Posted by Peter Morris Fri, 20 Jun 2008 13:46:00 GMT

Well, you are probably wondering what prompted my last post about ‘sql ghettos’. And well you might. The incident that spawned the term happened over a year ago.

But, I thought I should get my personal stand on the matter documented before I offer this little tid-bit of sql twistedness.

In a current application I am working on, I need to produce a list of items for which work has NOT been done.

Work being done is recorded against the item by attaching a tag with the name of the work task.

Gathering a list of items to be worked on next therefore means looking for items which do NOT have specific tag values associated with them.

Previously, it was good enough to find items for which not all the tags where defined and then spit out a list of the items. That was fine, and handled by a simple piece of code that just counted up how many tags of specific names each item had, and if it had less than the number I was looking for, include it in the list. Fine, jobs a good un, put your feet up, have a cuppa.

But NOW, I need to start keeping track of which tasks have been released to which systems running the jobs.

In order to do this, I need the end result to be a list of items, and where that item does not have a tag, I want a ROW returned with the id of the item and the tag THAT IS NOT THERE.

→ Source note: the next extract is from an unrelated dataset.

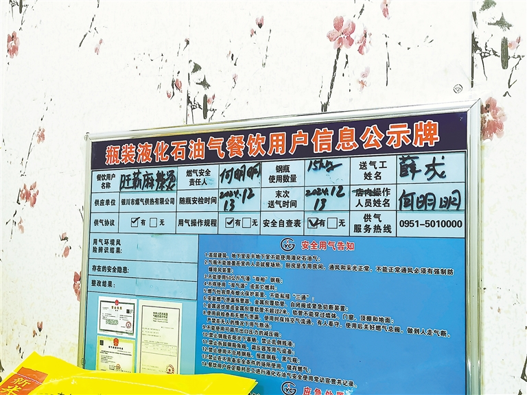 12月22日,银川市兴庆区新华路一家餐饮店,墙上悬挂着公示牌,上面标有瓶装液化石油气使用数量、安检时间、供应单位等信息,同时还有“安全用气告知”。瓶装液化气安全,一直是群众最为关切的,在餐饮店公示信息,不仅能提醒经营者安全用气,也会让市民时刻监督,预防事故的发生。 (本报记者 杨超 摄)

This is a vastly different argument, and requires you to start searching not just for a low count, but searching AND FINDING things that are not there.

This can be split up into two steps…

  1. generating a list of the items crossed by the tags you are looking for.
  2. decimating that list on finding the tag present.

The first step sounds simple, until you remember that the tag might be referencing a totally new piece of work that has never been done before, and so will not be resident anywhere in the tag table.

So, what you are asking to do is to be able to ‘cross’ an sql table with an array of string literals.

Now, stop, go away and try to do it.

I will discuss my solution after the break…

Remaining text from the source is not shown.